- [Exercise] What is needed is an exact copy of the lines from the one containing "دودو کردن. [ دَ" through the last line of the records below, with no pictures.

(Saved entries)
>>

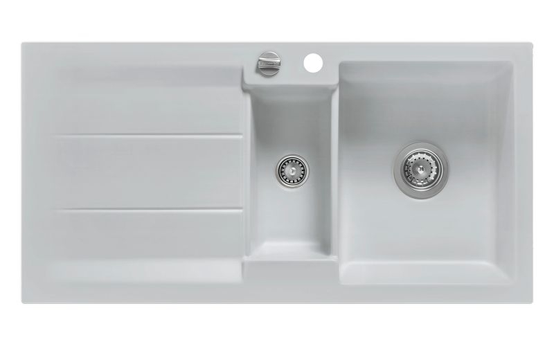 Hinweis: ist auf der oben stehenden Produktabbildung auf der Spüle ein runder Drehknebel zu sehen, handelt es sich um die Version mit Excenter-Betätigung. Eine eventuell abgebildete Armatur gehört nicht zum Lieferumfang.
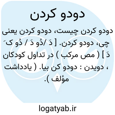 دودو کردن. [ دَ /دُو دَ / دُو ک َ دَ ] ( مص مرکب ) در تداول کودکان، دویدن: دودو کن بیا. ( یادداشت مؤلف ). بدوبدو کردن.
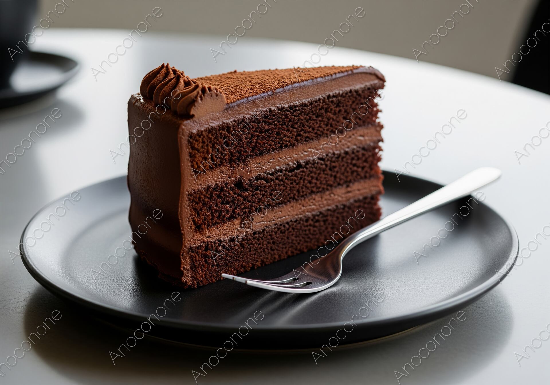 画像素材:しっとりとしたスポンジと濃厚なチョコクリームが美しい層を成す、贅沢なチョコレートケーキのカット画像です。表面には滑らかなグラサージュと繊細なデコレーションが施され、ココアパウダーの質感が食欲をそそります。モダンな黒いプレートにシルバーのフォークが添えられたスタイリッシュな構図は、洗練されたカフェの雰囲気を演出します。照明が際立たせるケーキの断面は、素材の良さと丁寧な仕上げを感じさせ、見る人を至福のひとときへと誘います。カフェのメニュー表やスイーツ特集のアイキャッチ、高級感のある広告デザインに最適な一枚です。
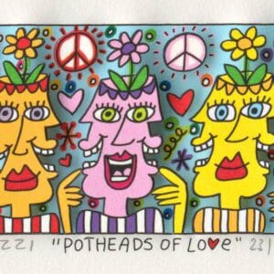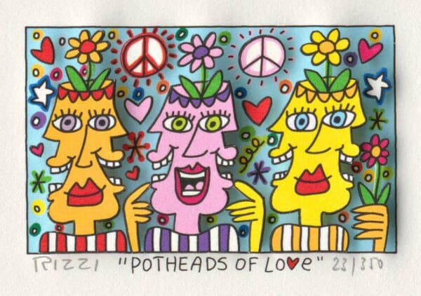 „Potheads of Love“, ist eine original 3-D Grafik des im Dezember 2011 verstorbenen New Yorker Neo-Pop-Art-Künstlers James Rizzi. Wir hatten eine sehr enge Beziehung zu James und waren mit die erste Galerie in Deutschland die ihn ausstellte.Diese Arbeit hat er noch vor seinem Tod entworfen und damals für die Veröffentlichung freigegeben, die Montage ist nun ausgeführt worden. Diese 3-D Grafik ist auch aktuell limitiert, im Druck signiert und wurde von Hand nummeriert. Die Echtheit wird durch ein einzigartiges Hologramm garantiert!
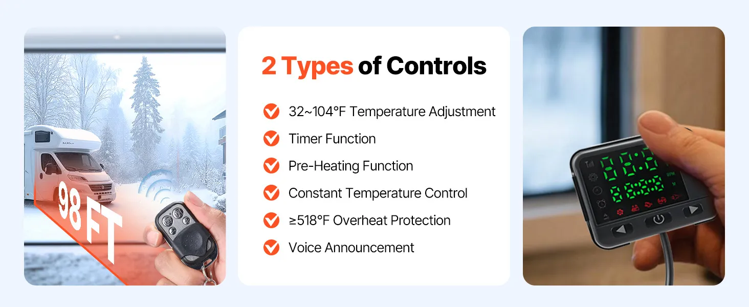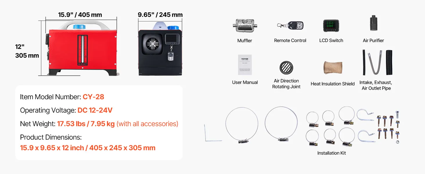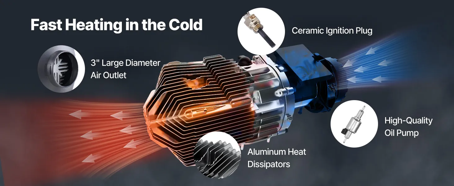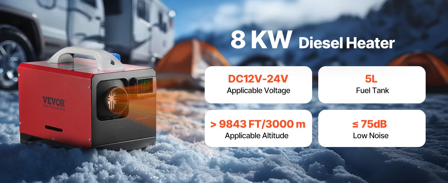 Neatkarīgi no tā, kurp dodaties, VEVOR dīzeļdegvielas sildītājs nodrošina siltumu un komfortu jebkuros laikapstākļos. Tas darbojas efektīvi līdz 3000 m augstumā, padarot to ideāli piemērotu kalnu ceļojumiem vai darbam aukstā vidē.
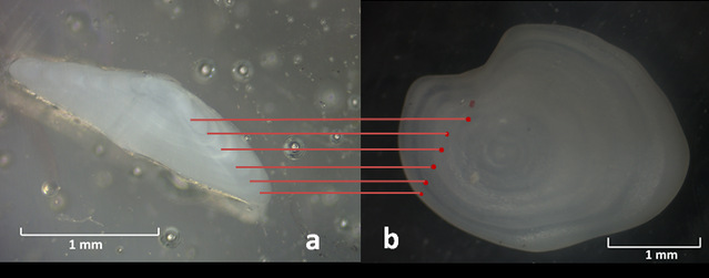 图2 南极电灯鱼耳石截面(a)以及全耳石(b)

<<

- [Your solution]
 دودو کردن. [ دَ /دُو دَ / دُو ک َ دَ ] ( مص مرکب ) در تداول کودکان، دویدن: دودو کن بیا. ( یادداشت مؤلف ). بدوبدو کردن.
 画像素材:しっとりとしたスポンジと濃厚なチョコクリームが美しい層を成す、贅沢なチョコレートケーキのカット画像です。表面には滑らかなグラサージュと繊細なデコレーションが施され、ココアパウダーの質感が食欲をそそります。モダンな黒いプレートにシルバーのフォークが添えられたスタイリッシュな構図は、洗練されたカフェの雰囲気を演出します。照明が際立たせるケーキの断面は、素材の良さと丁寧な仕上げを感じさせ、見る人を至福のひとときへと誘います。カフェのメニュー表やスイーツ特集のアイキャッチ、高級感のある広告デザインに最適な一枚です。
 „Potheads of Love“, ist eine original 3-D Grafik des im Dezember 2011 verstorbenen New Yorker Neo-Pop-Art-Künstlers James Rizzi. Wir hatten eine sehr enge Beziehung zu James und waren mit die erste Galerie in Deutschland die ihn ausstellte.Diese Arbeit hat er noch vor seinem Tod entworfen und damals für die Veröffentlichung freigegeben, die Montage ist nun ausgeführt worden. Diese 3-D Grafik ist auch aktuell limitiert, im Druck signiert und wurde von Hand nummeriert. Die Echtheit wird durch ein einzigartiges Hologramm garantiert!
 Neatkarīgi no tā, kurp dodaties, VEVOR dīzeļdegvielas sildītājs nodrošina siltumu un komfortu jebkuros laikapstākļos. Tas darbojas efektīvi līdz 3000 m augstumā, padarot to ideāli piemērotu kalnu ceļojumiem vai darbam aukstā vidē.
 图2 南极电灯鱼耳石截面(a)以及全耳石(b)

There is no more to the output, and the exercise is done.